[Input data — start]
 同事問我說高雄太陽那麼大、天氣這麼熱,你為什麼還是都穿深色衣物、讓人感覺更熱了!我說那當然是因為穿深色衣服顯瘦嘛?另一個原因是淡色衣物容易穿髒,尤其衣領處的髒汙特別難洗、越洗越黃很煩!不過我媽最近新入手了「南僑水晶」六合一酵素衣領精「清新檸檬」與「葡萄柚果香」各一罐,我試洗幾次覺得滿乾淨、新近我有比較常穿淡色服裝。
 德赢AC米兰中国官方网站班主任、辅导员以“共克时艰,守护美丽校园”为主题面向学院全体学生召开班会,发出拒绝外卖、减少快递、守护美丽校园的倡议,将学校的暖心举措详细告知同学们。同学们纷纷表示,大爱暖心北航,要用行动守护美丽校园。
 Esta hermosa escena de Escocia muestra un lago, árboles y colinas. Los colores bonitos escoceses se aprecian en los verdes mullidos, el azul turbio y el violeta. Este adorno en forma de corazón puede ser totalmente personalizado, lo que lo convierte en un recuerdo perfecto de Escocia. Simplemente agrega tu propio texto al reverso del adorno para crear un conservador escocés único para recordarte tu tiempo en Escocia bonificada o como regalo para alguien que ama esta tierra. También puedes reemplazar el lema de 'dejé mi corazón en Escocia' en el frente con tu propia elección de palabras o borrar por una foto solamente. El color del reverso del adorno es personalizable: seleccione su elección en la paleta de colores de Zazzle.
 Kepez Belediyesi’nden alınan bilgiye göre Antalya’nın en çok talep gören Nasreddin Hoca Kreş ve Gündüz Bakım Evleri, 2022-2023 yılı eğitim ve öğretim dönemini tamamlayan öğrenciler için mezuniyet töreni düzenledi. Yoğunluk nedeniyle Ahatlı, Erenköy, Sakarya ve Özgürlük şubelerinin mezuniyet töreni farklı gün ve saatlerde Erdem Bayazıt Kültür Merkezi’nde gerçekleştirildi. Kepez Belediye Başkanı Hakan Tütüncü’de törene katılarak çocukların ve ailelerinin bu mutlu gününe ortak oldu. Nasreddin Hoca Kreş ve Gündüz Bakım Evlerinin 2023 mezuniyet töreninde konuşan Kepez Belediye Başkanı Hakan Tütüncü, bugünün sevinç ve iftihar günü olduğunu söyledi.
[Input data — finish]
Work request =>
Give the listing above again, word for word.

Exercise response =>
 同事問我說高雄太陽那麼大、天氣這麼熱,你為什麼還是都穿深色衣物、讓人感覺更熱了!我說那當然是因為穿深色衣服顯瘦嘛?另一個原因是淡色衣物容易穿髒,尤其衣領處的髒汙特別難洗、越洗越黃很煩!不過我媽最近新入手了「南僑水晶」六合一酵素衣領精「清新檸檬」與「葡萄柚果香」各一罐,我試洗幾次覺得滿乾淨、新近我有比較常穿淡色服裝。
 德赢AC米兰中国官方网站班主任、辅导员以“共克时艰,守护美丽校园”为主题面向学院全体学生召开班会,发出拒绝外卖、减少快递、守护美丽校园的倡议,将学校的暖心举措详细告知同学们。同学们纷纷表示,大爱暖心北航,要用行动守护美丽校园。
 Esta hermosa escena de Escocia muestra un lago, árboles y colinas. Los colores bonitos escoceses se aprecian en los verdes mullidos, el azul turbio y el violeta. Este adorno en forma de corazón puede ser totalmente personalizado, lo que lo convierte en un recuerdo perfecto de Escocia. Simplemente agrega tu propio texto al reverso del adorno para crear un conservador escocés único para recordarte tu tiempo en Escocia bonificada o como regalo para alguien que ama esta tierra. También puedes reemplazar el lema de 'dejé mi corazón en Escocia' en el frente con tu propia elección de palabras o borrar por una foto solamente. El color del reverso del adorno es personalizable: seleccione su elección en la paleta de colores de Zazzle.
 Kepez Belediyesi’nden alınan bilgiye göre Antalya’nın en çok talep gören Nasreddin Hoca Kreş ve Gündüz Bakım Evleri, 2022-2023 yılı eğitim ve öğretim dönemini tamamlayan öğrenciler için mezuniyet töreni düzenledi. Yoğunluk nedeniyle Ahatlı, Erenköy, Sakarya ve Özgürlük şubelerinin mezuniyet töreni farklı gün ve saatlerde Erdem Bayazıt Kültür Merkezi’nde gerçekleştirildi. Kepez Belediye Başkanı Hakan Tütüncü’de törene katılarak çocukların ve ailelerinin bu mutlu gününe ortak oldu. Nasreddin Hoca Kreş ve Gündüz Bakım Evlerinin 2023 mezuniyet töreninde konuşan Kepez Belediye Başkanı Hakan Tütüncü, bugünün sevinç ve iftihar günü olduğunu söyledi.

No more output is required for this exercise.